◆ Work instruction
Return all of the data exactly as written, without the pictures.

Source data below:

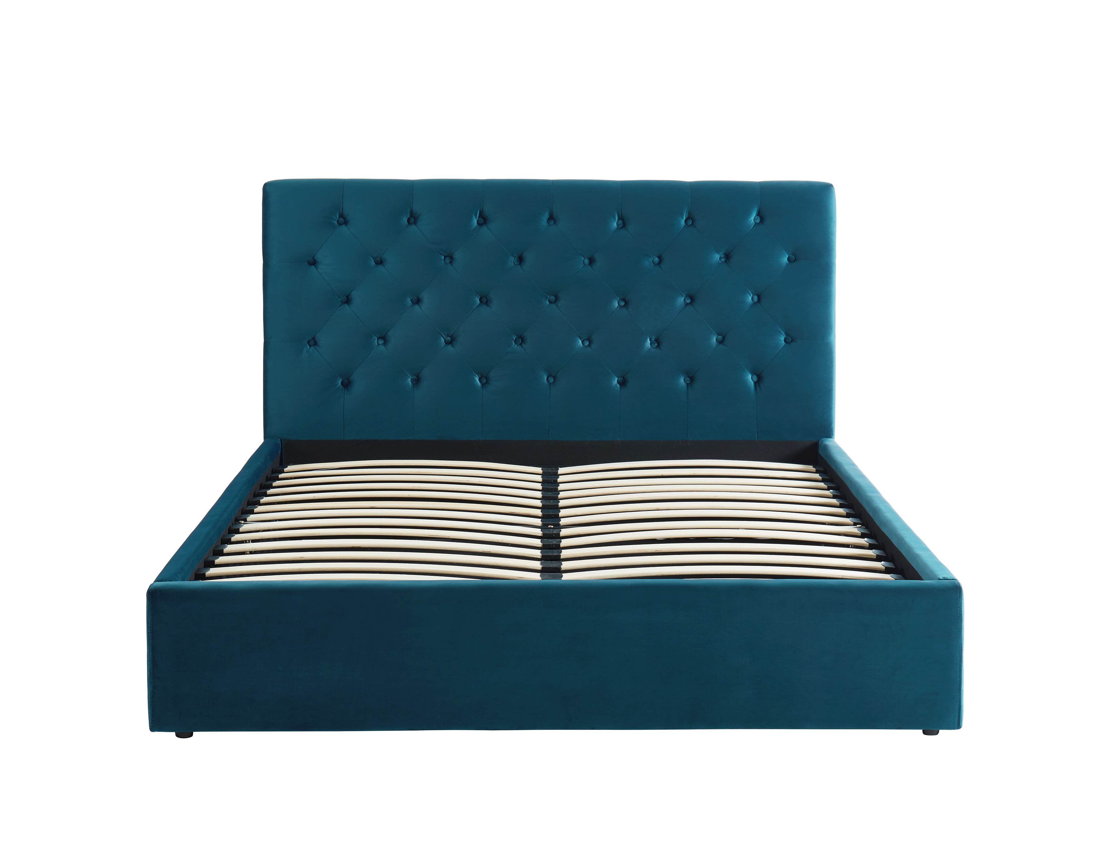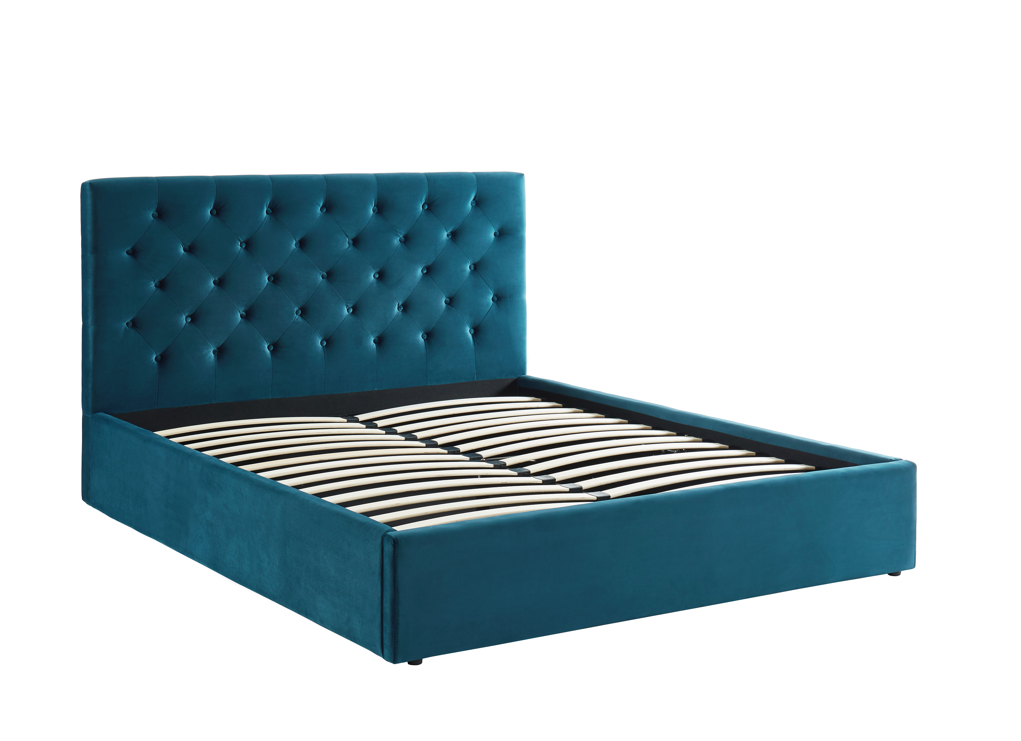 Lit double avec coffre HUBERT - Velours bleu - Couchage 160x200cm
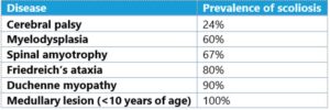 Scoliosis is a common problem in lots of diseases, which also increases the incidence of pelvic obliquity. For neuromuscular scoliosis Vialle et al investigated the prevalence for specific diseases:
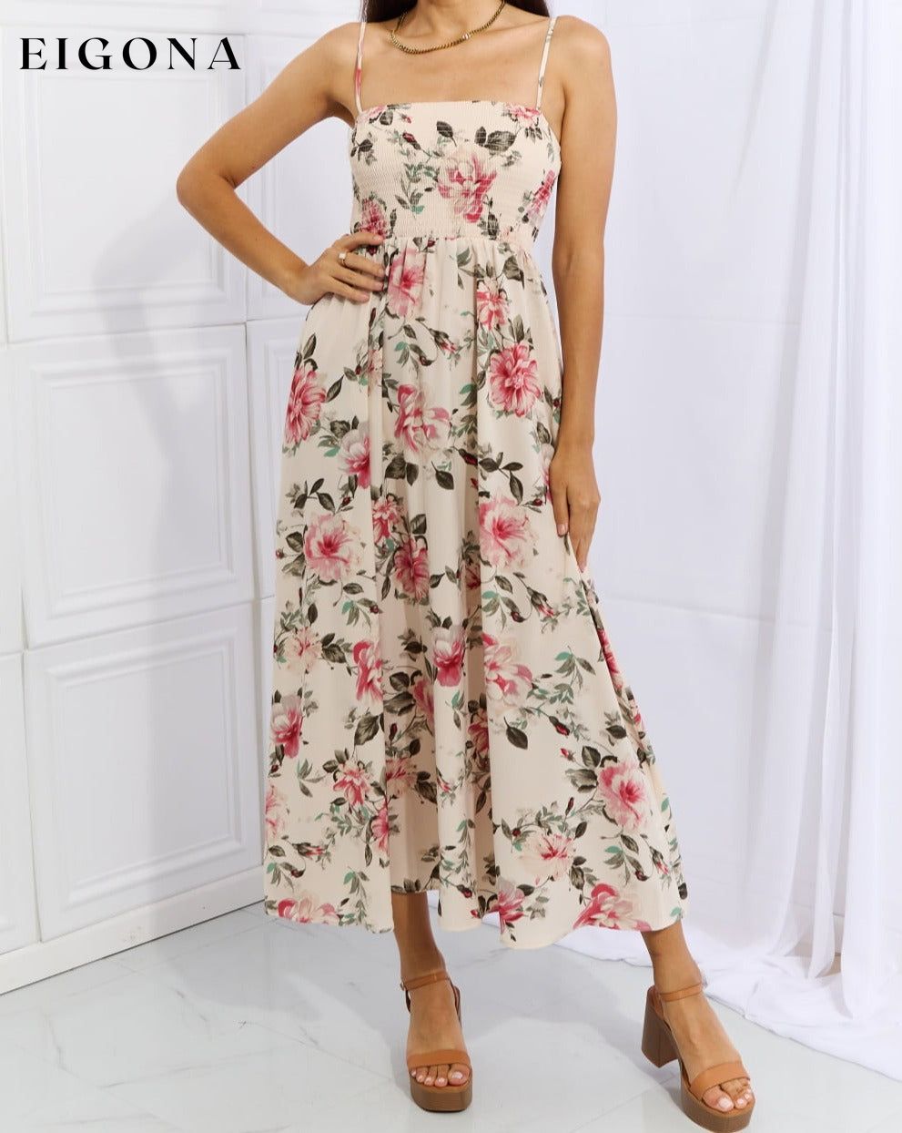 Denne fantastiske kjolen er designet for å snu hodet og få deg til å føle deg som en visjon om nåde og femininitet. Denne kjolen har et ermeløst design som gir bevegelsesfrihet og viser skuldrene dine med eleganse. Maxi-lengden gir et snev av raffinement, og skaper en grasiøs silhuett som smigrer alle kroppstyper. Det som skiller seg ut med denne kjolen er det fortryllende blomstertrykket som pryder stoffet. Delikate blomster i livlige fargetoner skaper en følelse av innfall og romantikk, noe som gjør den perfekt for både formelle anledninger og uformelle utflukter. Trykket er nøye plassert for å fremheve dine naturlige kurver og fremheve din feminine sjarm. Stoffet er lett og pustende, noe som sikrer at du holder deg kjølig og komfortabel selv i varmere vær. Kjolen har også et glatt fôr som føles mykt mot huden din, slik at du kan bruke den med letthet og selvtillit. Allsidighet er et annet viktig aspekt ved denne kjolen. Den kan kles opp eller ned for å passe enhver anledning. Kombiner den med hæler og statement-tilbehør for en glamorøs kveldslook, eller kle den ned med sandaler og en floppy lue for et elegant ensemble på dagtid.

End of Source data.

◆ Answer section
 Lit double avec coffre HUBERT - Velours bleu - Couchage 160x200cm
 Scoliosis is a common problem in lots of diseases, which also increases the incidence of pelvic obliquity. For neuromuscular scoliosis Vialle et al investigated the prevalence for specific diseases:
 Denne fantastiske kjolen er designet for å snu hodet og få deg til å føle deg som en visjon om nåde og femininitet. Denne kjolen har et ermeløst design som gir bevegelsesfrihet og viser skuldrene dine med eleganse. Maxi-lengden gir et snev av raffinement, og skaper en grasiøs silhuett som smigrer alle kroppstyper. Det som skiller seg ut med denne kjolen er det fortryllende blomstertrykket som pryder stoffet. Delikate blomster i livlige fargetoner skaper en følelse av innfall og romantikk, noe som gjør den perfekt for både formelle anledninger og uformelle utflukter. Trykket er nøye plassert for å fremheve dine naturlige kurver og fremheve din feminine sjarm. Stoffet er lett og pustende, noe som sikrer at du holder deg kjølig og komfortabel selv i varmere vær. Kjolen har også et glatt fôr som føles mykt mot huden din, slik at du kan bruke den med letthet og selvtillit. Allsidighet er et annet viktig aspekt ved denne kjolen. Den kan kles opp eller ned for å passe enhver anledning. Kombiner den med hæler og statement-tilbehør for en glamorøs kveldslook, eller kle den ned med sandaler og en floppy lue for et elegant ensemble på dagtid.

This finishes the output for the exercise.